Why We Write
There are certainly mornings when I wonder what I’m doing here. Why share these observations with the blogosphere when I could just as soon express them to family or friends or jot them down in my journal?
I know the answer to that question, but I’ve seldom seen it explained as well as Susan Orlean does in her 2018 nonfiction bestseller The Library Book.
Admitting that before the idea for The Library Book struck her she had sworn off writing books — “working on them felt like a slow-motion wrestling match,” she wrote — she goes on to talk about why the idea pulled her in. The book, which recounts the Los Angeles Public Library’s great fire of 1986 and the beauty and fragility of libraries in general, grew from the love of books Orlean developed as a child and the memory of afternoon excursions to the Bertram Woods Branch of the Shaker Heights (Ohio) Public Library system with her mother. Her mother, much older now and in the throes of dementia, wasn’t remembering those library visits anymore. That left Orlean to remember for both of them.
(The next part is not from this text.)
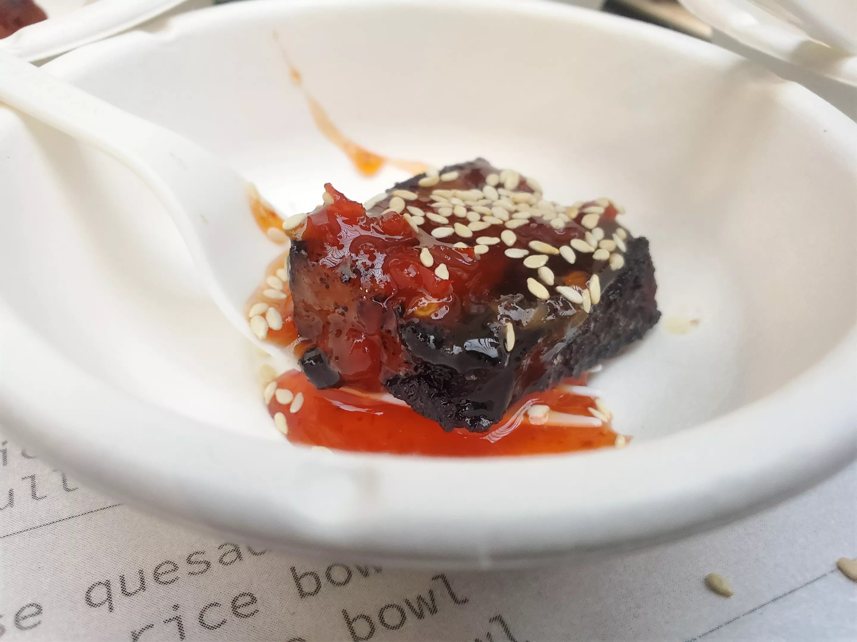 Adobo, which started as a food truck and now has locations on Federal Boulevard and inside First Draft in RiNo, is known for its smoked carnitas that can be added to its vegetarian green chile for one of the best takes on that local favorite in town. For the Big Eat, it opted for smoked pork belly instead — a single, super-tender bite amped up by the use of cherry and Thai chile glaze with some sesame seeds for crunch.

“I knew I was writing this because I was trying hard to preserve those afternoons. I convinced myself that committing them to a page meant the memory was saved, somehow, from the corrosive effect of time.
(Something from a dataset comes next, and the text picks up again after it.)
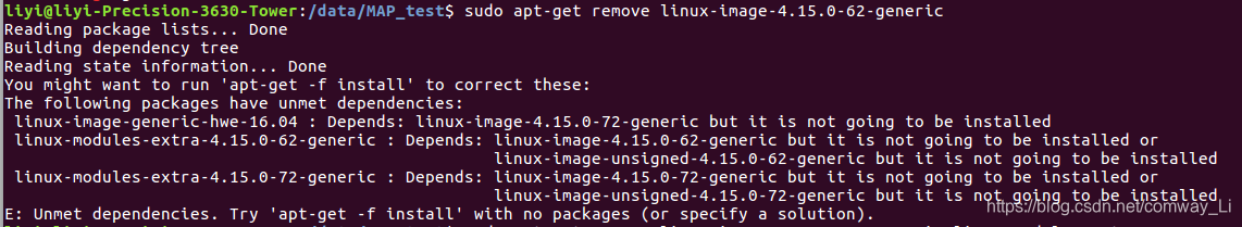 这个错误说明,你要卸载linux-image-4.15.0-62-generic,必须先卸载他所依赖的文件,如linux-image-generic-hwe-16.04、linux-modules-extra-4.15.0-62-generic;

“The idea of being forgotten is terrifying. I fear not just that I, personally, will be forgotten, but that we are all doomed to being forgotten—that the sum of life is ultimately nothing; that we experience joy and disappointment and aches and delights and loss, make our little mark on the world, and then we vanish, and the mark is erased, and it is as if we never existed. …
“But if something you learn or observe or imagine can be set down and saved, and if you can see your life reflected in previous lives, and you can imagine it reflected in subsequent ones, you can begin to discover order and harmony. You know that you are part of a larger story that has shape and purpose — a tangible, familiar past and a constantly refreshed future.”